Slavery and Escape in the South Eastern Caribbean
During the early 1770s fugitives from slavery fled by sea from the then-British Caribbean colony of Carriacou, an island a short sail from Grenada in the southeastern Caribbean.
The fugitives, wrote the British Windward Islands’ governor William Leybourne in 1773, “escape from us in boats to some of the nearest Spanish settlements,” induced by “unknown agents” who had “inculcated” in the escapees “notions of freedom.”
Despite “repeated applications” to Spanish officials, Leybourne explained, “no redress [could] be procured.”
Those who fled Carriacou left a plantation colony where around 2,700 enslaved people labored, primarily on cotton plantations, under the supervision of around just one hundred white settlers.
To Carriacou’s south were several Spanish territories including Caracas, Cumaná, Margarita, and Trinidad.
In the latter province, Spanish policies first decreed in 1680 theoretically offered sanctuary to fugitives, typically in exchange for Catholic conversion.
In 1704, a similar proclamation was issued in nearby Venezuela.

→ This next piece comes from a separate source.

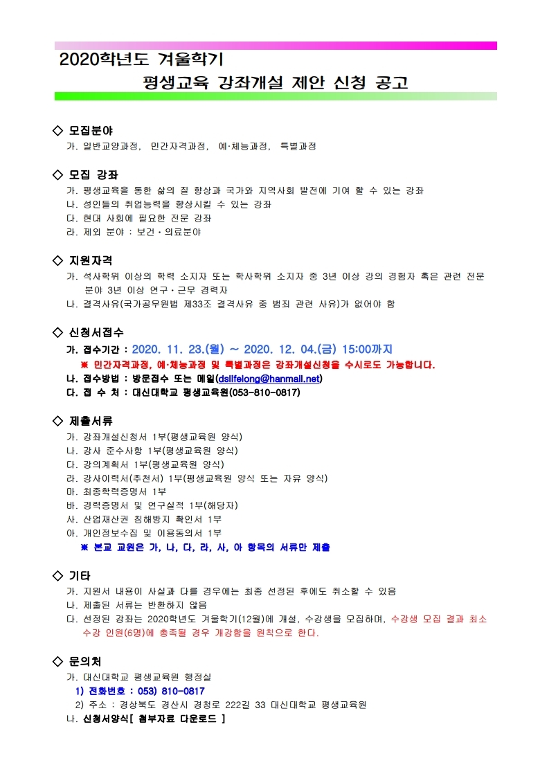 | 2020학년도 겨울학기(12월) 평생교육 강좌개설 제안 신청 공고 | |||||||||

In 1750, the Spanish issued a Royal Decree stating that fugitives who escaped from Protestant-governed territories to any of Spain’s American domains could be declared legally free as Catholic converts.
As Julius S. Scott’s The Common Wind shows us, news of such decrees traveled widely and quickly in the Caribbean.
Over time and between colonies, the mobile and masterless – small time traders and sailors, smugglers, runaways, rebels, deserters, and dock workers – circulated news and rumor that often found its way to those who remained confined on plantations.
As Scott showed in such vivid detail, the mobility of these people posed a “steady undercurrent of opposition to the ‘absolute’ power of masters, merchants, and military officers” in the colonial Caribbean at-large.
As Scott put it, “local rulers were no more able to control the rapid spread of information than they were able to control the movements of the ships or the masterless people with which this information traveled.”
The commercial routes through which these people operated opened up subversive communication channels, “as well as tempting routes of escape.”